Portuguese writer (1761–1831)

José Agostinho de Macedo (11 September 1761 – 2 October 1831) was a Portuguese poet and prose writer.

== Early life ==
José was born in Beja to a peasant family. He studied Latin and rhetoric with the Oratorians in Lisbon, Portugal. In 1778 he became professed as an Augustinian, but due to his turbulent character he spent a great part of his time in prison and was constantly being transferred from one convent to another, which resulted in him leaving the monastic lifestyle in order to live in urban Lisbon.

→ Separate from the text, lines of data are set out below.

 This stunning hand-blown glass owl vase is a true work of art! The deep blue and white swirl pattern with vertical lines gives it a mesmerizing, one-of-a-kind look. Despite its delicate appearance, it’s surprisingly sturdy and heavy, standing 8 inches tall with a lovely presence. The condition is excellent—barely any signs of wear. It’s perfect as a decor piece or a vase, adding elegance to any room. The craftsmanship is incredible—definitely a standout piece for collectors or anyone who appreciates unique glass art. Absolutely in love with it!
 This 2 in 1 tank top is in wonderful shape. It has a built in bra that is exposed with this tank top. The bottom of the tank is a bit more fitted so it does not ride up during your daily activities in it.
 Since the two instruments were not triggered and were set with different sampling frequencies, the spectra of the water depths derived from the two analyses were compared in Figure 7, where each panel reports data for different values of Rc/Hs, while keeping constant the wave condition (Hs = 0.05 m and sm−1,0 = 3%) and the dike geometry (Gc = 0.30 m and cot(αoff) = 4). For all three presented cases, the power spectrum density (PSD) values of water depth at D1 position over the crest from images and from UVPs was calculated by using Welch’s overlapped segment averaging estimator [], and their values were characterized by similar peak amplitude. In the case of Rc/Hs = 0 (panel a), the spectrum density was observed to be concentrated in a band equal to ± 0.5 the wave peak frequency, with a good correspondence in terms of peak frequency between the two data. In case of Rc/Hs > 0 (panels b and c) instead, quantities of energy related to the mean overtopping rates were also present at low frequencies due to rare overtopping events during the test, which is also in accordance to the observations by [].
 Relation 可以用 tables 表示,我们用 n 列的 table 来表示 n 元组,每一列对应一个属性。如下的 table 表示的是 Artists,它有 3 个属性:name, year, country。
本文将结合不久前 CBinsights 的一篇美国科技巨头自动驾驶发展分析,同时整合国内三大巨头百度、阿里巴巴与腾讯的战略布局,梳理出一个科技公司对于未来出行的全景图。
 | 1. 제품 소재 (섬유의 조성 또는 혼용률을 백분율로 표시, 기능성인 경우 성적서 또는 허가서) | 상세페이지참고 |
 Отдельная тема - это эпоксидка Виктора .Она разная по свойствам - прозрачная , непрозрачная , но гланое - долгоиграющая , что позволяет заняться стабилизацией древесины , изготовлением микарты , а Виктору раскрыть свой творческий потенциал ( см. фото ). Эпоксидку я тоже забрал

In 1792 he was unfrocked, but through powerful connections he obtained a papal brief which secularised him and permitted him to retain his ecclesiastical status. Taking to journalism and preaching, José made a substantial living and a unique position for himself. In a short time he was recognised as the leading pulpit orator of the day, and in 1802 he became one of the royal preachers.

== Career ==
Macedo was the first to introduce from abroad and to cultivate didactic and descriptive poetry, the best example of which is his notable transcendental poem Meditation (1813). His made an attempt to supersede Luís de Camões as Portugal's greatest poet, and in 1814 he produced Oriente, an epic dealing with the same subject as the Os Lusíadas, namely Vasco da Gama's discovery of the sea route to India. This amended paraphrase met with a cold reception, whereupon Macedo published his Censura dos Lusiadas, containing a minute examination and virulent indictment of Camões.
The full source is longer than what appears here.